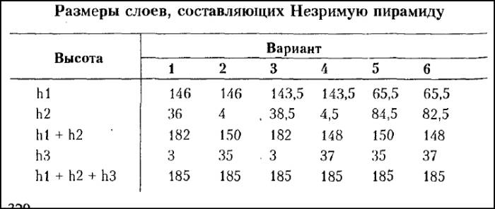 Поскольку современная метрическая система египтянам не была знакома, разделим высоту пирамиды (185 метров) на 12 равных частей (одна часть 15,42 метра) и 1/12 часть высоты примем за условную единицу измерения длины. Размеры слоев, выраженные в единицах длины, равных 1/12 части высоты пирамиды, представлены в табл. 3
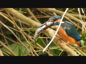 【魚を丸呑み】カワセミの求愛給餌と鳴き声、捕食
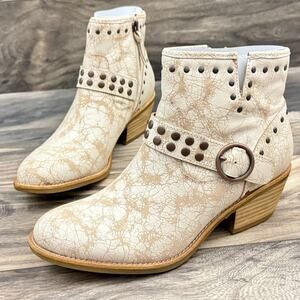 NIB Sofft Allene II 8.5M Western Chic Suede Antique Stud Bootie Boots Natural
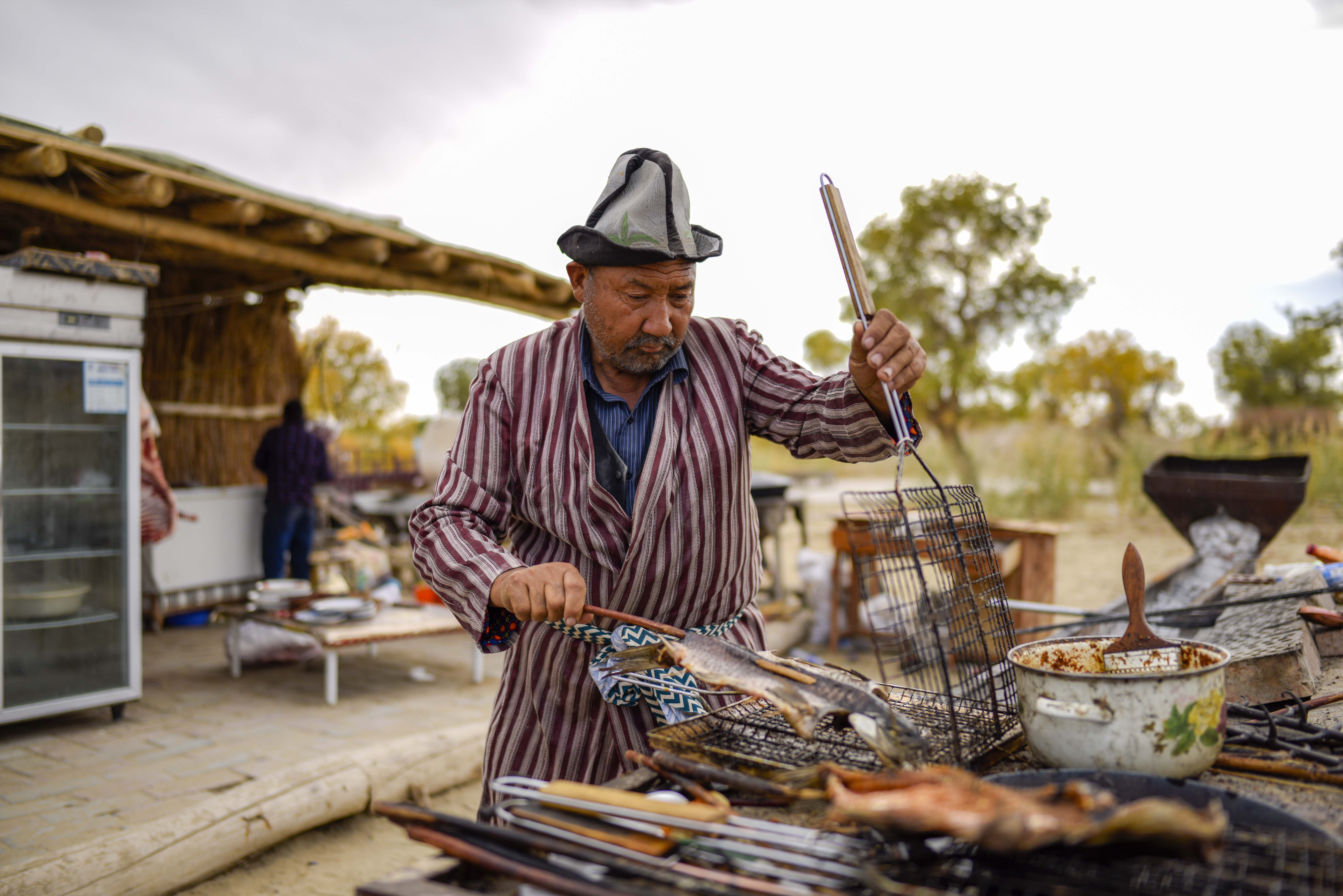 Amudun Abudu, a 61-year old typical Lop Nur villager, works in local tourism industry. With the changes of the times, many Lop Nur people have various options for a living, yet he insists on the tradition of fishing in rivers and lakes. Not only does he make delicious roast fish, Amudun also makes canoe models and pen holders made of populus euphratica trees for tourists during the tourist rush season.
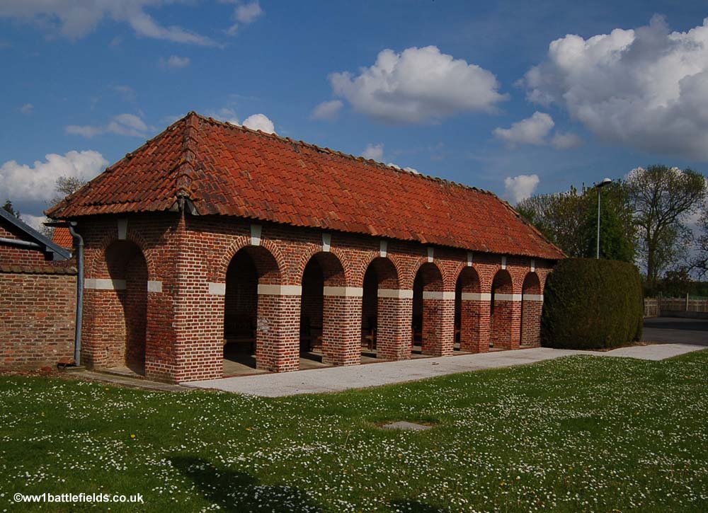 The gateway here was unveiled on the 13th of September, 1925, by Lieutenant-General Sir George Gorringe, who commanded the 47th Division after Charles Barter. The village war memorial stands in front of the school, and this was unveiled on the same day by the French.
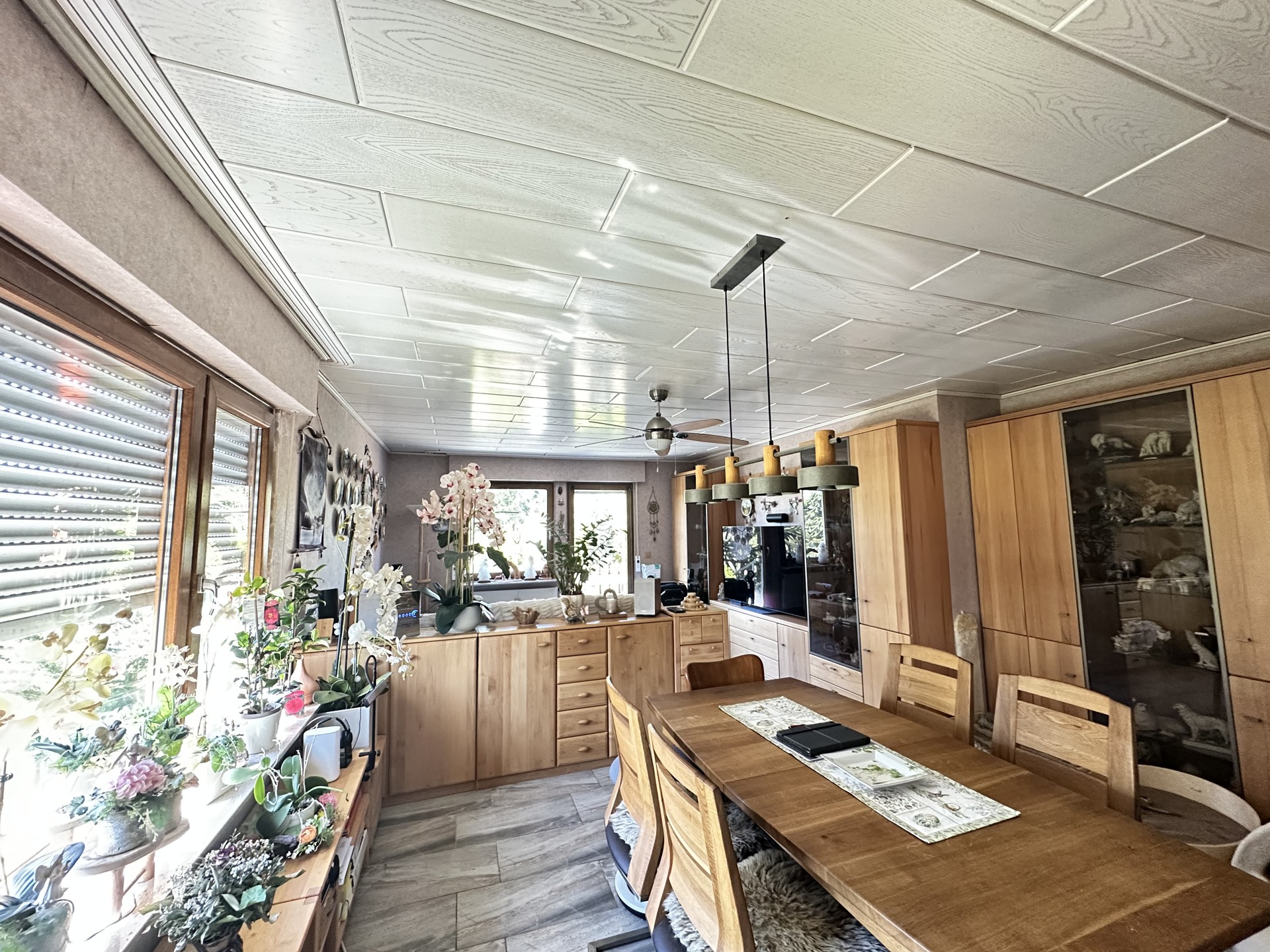 Das Wohnhaus wird mit einer Öl-Zentralheizung (1995) Niedertemperatur beheizt, die Fenster(2009) sind Akustik isolierverglast und mit Rollläden versehen. Als Bodenbelag wurden Laminat und Fliesen (2023)gewählt. Neue Innentüren 2024.
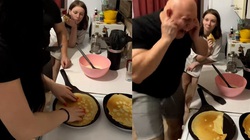 Thấy chồng đi làm về, người vợ vội trốn sau rèm cửa để hù chồng giật mình khiến nhiều người xem thích thú.
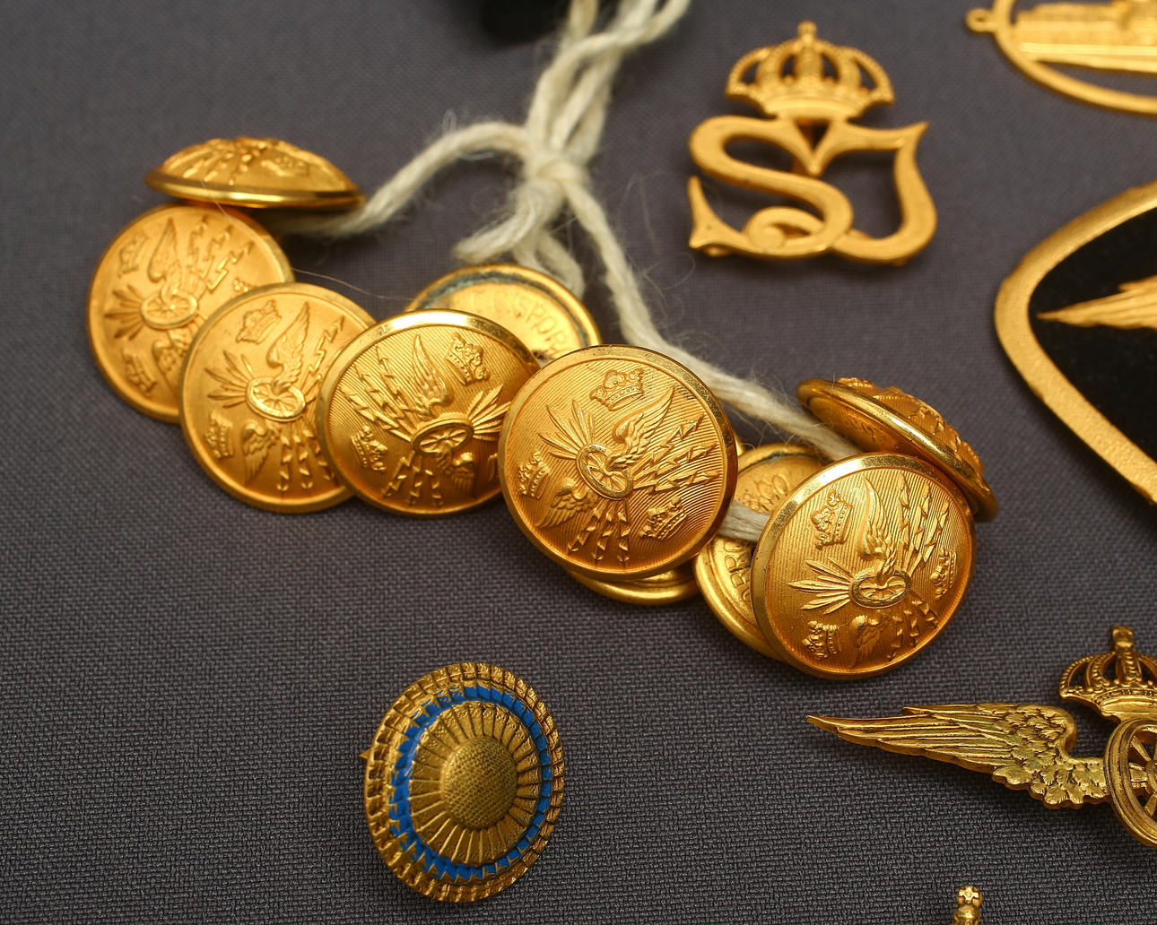 Unter anderem 2 Schnallen mit Nadel (Höhe ca. 6 cm) und 10 Knöpfe.

| The task |
Could you copy the lines above exactly and skip the images?

| Problem solution |
 Поскольку современная метрическая система египтянам не была знакома, разделим высоту пирамиды (185 метров) на 12 равных частей (одна часть 15,42 метра) и 1/12 часть высоты примем за условную единицу измерения длины. Размеры слоев, выраженные в единицах длины, равных 1/12 части высоты пирамиды, представлены в табл. 3
 【魚を丸呑み】カワセミの求愛給餌と鳴き声、捕食
 NIB Sofft Allene II 8.5M Western Chic Suede Antique Stud Bootie Boots Natural
 Amudun Abudu, a 61-year old typical Lop Nur villager, works in local tourism industry. With the changes of the times, many Lop Nur people have various options for a living, yet he insists on the tradition of fishing in rivers and lakes. Not only does he make delicious roast fish, Amudun also makes canoe models and pen holders made of populus euphratica trees for tourists during the tourist rush season.
 The gateway here was unveiled on the 13th of September, 1925, by Lieutenant-General Sir George Gorringe, who commanded the 47th Division after Charles Barter. The village war memorial stands in front of the school, and this was unveiled on the same day by the French.
 Das Wohnhaus wird mit einer Öl-Zentralheizung (1995) Niedertemperatur beheizt, die Fenster(2009) sind Akustik isolierverglast und mit Rollläden versehen. Als Bodenbelag wurden Laminat und Fliesen (2023)gewählt. Neue Innentüren 2024.
 Thấy chồng đi làm về, người vợ vội trốn sau rèm cửa để hù chồng giật mình khiến nhiều người xem thích thú.
 Unter anderem 2 Schnallen mit Nadel (Höhe ca. 6 cm) und 10 Knöpfe.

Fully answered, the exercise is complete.